Please make an exact copy of the lines from the one holding "赓续精神血脉传承红色家风作文(精选10篇" through the end of the data, both ends included, with no pictures.

##############################

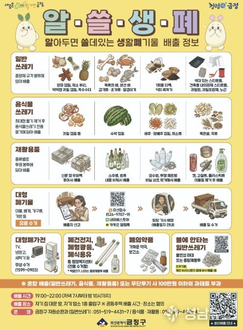 부산 금정구는 생활폐기물 배출에 대한 주민 불편을 해소하고 올바른 분리배출 문화 정착을 위해 ‘알‧쓸‧생‧폐’(알아두면 쓸데 있는 생활폐기물 배출 정보) 홍보지 제작에 나선다고 밝혔다.
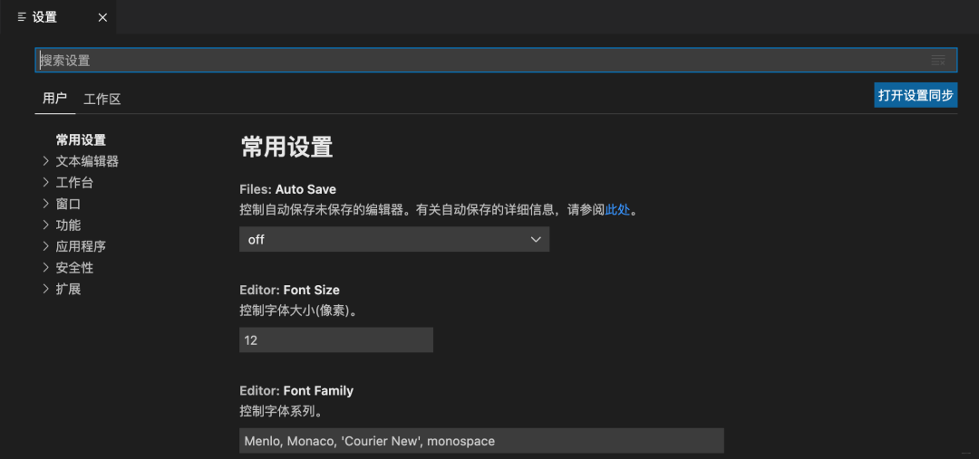 comand+,: 进入设置,这里可以进行用户和工作区的设置,像什么代码风格,字体风格各种设置都在这里 这两个快捷键建议记好。
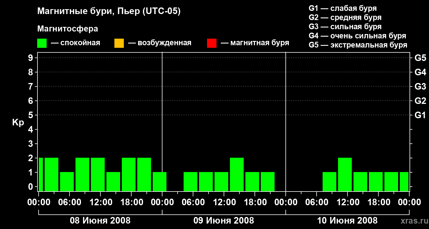 Изменения геомагнитного индекса Kp с 8 по 10 июня 2008 года для средних широт
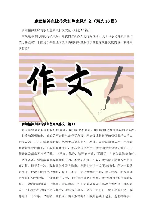 赓续精神血脉传承红色家风作文(精选10篇)赓续精神血脉传承红色家风作文大全(精选10篇)家风是中华民族的传统风尚,是我们立身做人的行为准则,关于传承优良家风的作文有哪些呢?下面是小编整理的关于赓续精神血脉传承红色家风作文的内容,欢迎阅读借鉴!赓续精神血脉传承红色家风作文(篇1)每个家庭都会有各自良好的家风。
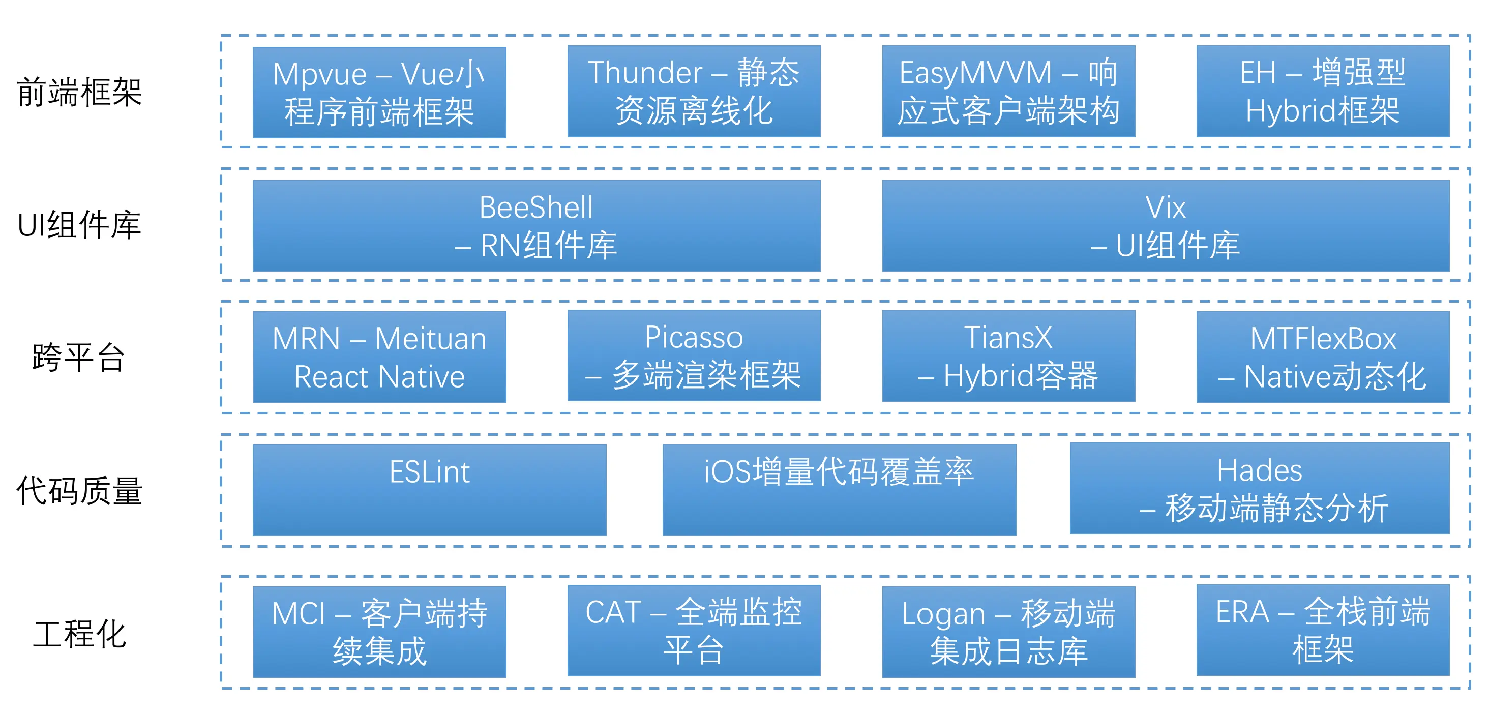 在上篇中,我已经介绍了美团点评的业务情况、大前端的技术体系,其中大前端的技术全景图如下:

##############################

SOLUTION FOR THIS TASK:
 赓续精神血脉传承红色家风作文(精选10篇)赓续精神血脉传承红色家风作文大全(精选10篇)家风是中华民族的传统风尚,是我们立身做人的行为准则,关于传承优良家风的作文有哪些呢?下面是小编整理的关于赓续精神血脉传承红色家风作文的内容,欢迎阅读借鉴!赓续精神血脉传承红色家风作文(篇1)每个家庭都会有各自良好的家风。
 在上篇中,我已经介绍了美团点评的业务情况、大前端的技术体系,其中大前端的技术全景图如下:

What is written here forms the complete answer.